David Pogue has as usual made a very good and entertaining column, this one from his NYT email newsletter, about hard drives and the companies which reanimate them when they die.

From this article:
SG: Yeah. One of our recovery guys said something one time, that in 100 years, anything we put on electronic media will not exist. Yet anything published will still be around. And I think he's right.
DP: So things on paper--
SG: So your books will be here.
DP: Thank you so much.

... It is a very valid point, of course. We should never stop thinking about survival of important data and culture.
On the other hand, these days with everybody being his own publisher, the great bulk of stuff being published only in electronic form is meant to be transient. What is the immortal value of 500,000 blogs on, frig, god knows what, but almost all of it about things that are only relevant this year or this month. Heck, even David Pogue's books, which are the best tech books you'll find... who's gonna read about Mac OS X, version 10.4.4, in the year 2106?
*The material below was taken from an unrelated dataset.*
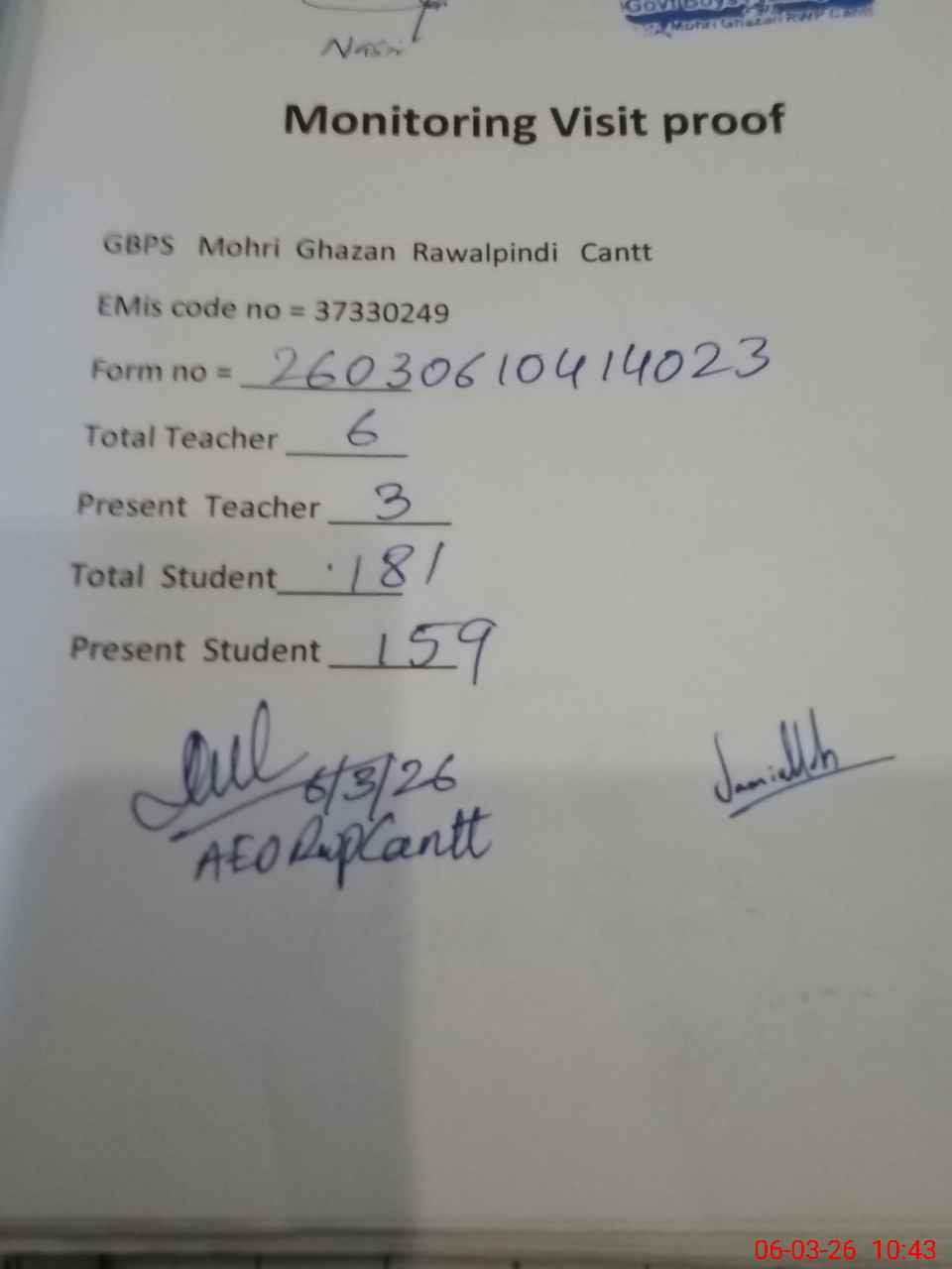 | Certified that this School was Inspected by the Undersigned MEA/DMO Today and the Information Stated Above is as Per Record. | |||||

ALSO, I actually don't agree that the data will disappear. Because people don't let their data sit on the same disk until nobody knows how to read its format anymore. They move it to never disks, and most of the important stuff will probably be readable somehow, or get translated along the way. Just think about how much of what was published on paper 100 years ago which has actually survived (on the original paper). It is surely much less than 0.1%.

ALSO, if something is important in a hundred years, it will be far easier and cheaper to bring it to the world, on the Net. If something is only available on paper in a few copies, it is not really available to mankind anyway.

3 comments:

Leesa said...

I have a rather extensive library, and although I have read things in digital format, there is nothing like holding a book in your hands while the warm glow of the library light bathes you in light.

Anonymous said...

We are all transient. Informastion that survives will live holographically. There may be some original work that is lost, i.e. the original manuscript but, widely distributed copies will insure that the work survives.

Zeppellina said...

A good book wins for me too.

Although, quite frankly, there are places in Africa just now who have communal access to a computer, but not to a library.

e-books are becoming popular these days...
And there is, of course, the Guttenberg project, which is quite amazing, and still growing.